There are some nuances to the simplistic description above of Anki’s SRS scheduling formula. The great thing about Anki is that the source code is readily available. That makes it easy to see the method itself in code, and write a quick program in Python to duplicate the function. My implementation uses object-oriented classes representing a card and a deck containing them. The Card class keeps track of the reviews of every card, and also handles the rescheduling based on previous answers and the current ease. The Deck class loops through all the Cards due for the simulated session, recalculating the next rescheduling interval based on the data parameters specific to each individual card.

The initial data to seed the cards in the simulation was taken straight from my Anki deck. The format of the Anki files is simply a SQLite database, so importing the current review interval and last recall level for each card was straightforward from an SQL query. I simulated the random answering of cards by creating a probability distribution of each recall level 1-4 as a function of the last recall level. To do this, I ran SQL queries on the history data for my Anki deck to find the real counts for each card review I made on the deck. The results look like the table below.

Probability of Transition to New Level
Old Level 1 (review) 2 (hard) 3 (good) 4 (easy)
1 (new) 0.628 0.133 0.239 N/A
1 (review) 0.148 0.852 N/A N/A
2 (hard) 0.169 0.155 0.189 0.486
3 (good) 0.199 0.185 0.212 0.404
4 (easy) 0.142 0.111 0.17 0.577

There is a distinction in Anki between new cards and reviewed cards. New cards only have 3 levels, and level 1 just puts the card back on the stack for a review a small amount of time later. Levels 2 and 3 set the initial rescheduling once the new card has been remembered successfully. However, level 3 is only available the first time the card is shown (although this sems to have changed in newer versions of Anki). Reviewed cards move between levels 1-4, with level 1 indicating a lapse in recall.
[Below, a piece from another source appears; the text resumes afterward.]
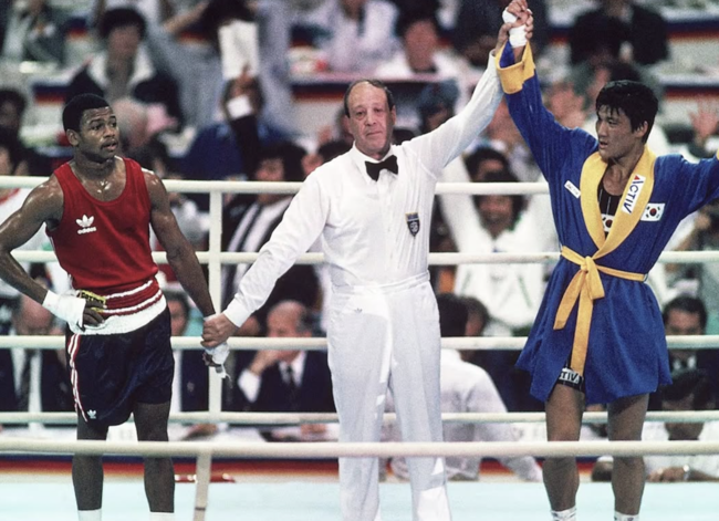 1988년 10월 2일 잠실학생체육관에서 개최된 서울올림픽 남자복싱 라이트미들급 결승전에서 한국의 박시헌(60)과 미국의 로이 존스 주니어(56)가 맞붙었다. 유효타에서 86-32로 존스가 일방적으로 밀어붙인 경기였다.

However, this state is transient, as the failed card will continue to be reviewed in the same day’s session until it’s successfully recalled. The only transitions available for lapsed cards are 1 or 2, so that all lapsed cards will end up at level 2 by the end of the session.

What you may have noticed from this probability distribution is that I only knew 37% of new cards the first time I saw them, while the other 63% needed to be learned. That’s a very low success rate. This was a special vocabulary deck I used for cramming, so I wasn’t surprised by the high percentage of unfamiliar cards. Also note that the probability of a learned card being forgotten (i.e., lapsed) in this particular deck is between 14% and 20%, depending on the ease of the last review. These are pretty unimpressive, but not unreasonable numbers. While a 15% failure rate seems high, consider that a failure rate close to 0% would mean either a perfect memory, or a constant drilling of a large number of facts to ensure nothing is forgotten. SuperMemo allows its lapse rate to be configured between 3%-20% (affecting the rescheduling factors), but it suggests a reasonable default of 10%. Also, note that my chance of forgetting is lower for cards I previously rated as Hard (level 2) vs. cards I rated as Good (level 3). And the chance of rating Easy (4) is also higher for Hard cards than for Good. What this could mean is that I should have been more critical of my card ratings. Rating difficult cards as Good reschedules them farther in the future than they should have been, and I was more likely to forget them.

I have made the Python scripts available for others to try out. If you want to run your own experiments, you can look at the included sample programs to see some ways that the simulation can be used. I continue to find ways to improve the simulation, so this is definitely a work in progress. My next posts will be to use the simulator in various ways to test aspects of Anki that apply to the way I tend to use it. I have already found some interesting results, and I will be reporting on these results in the coming weeks.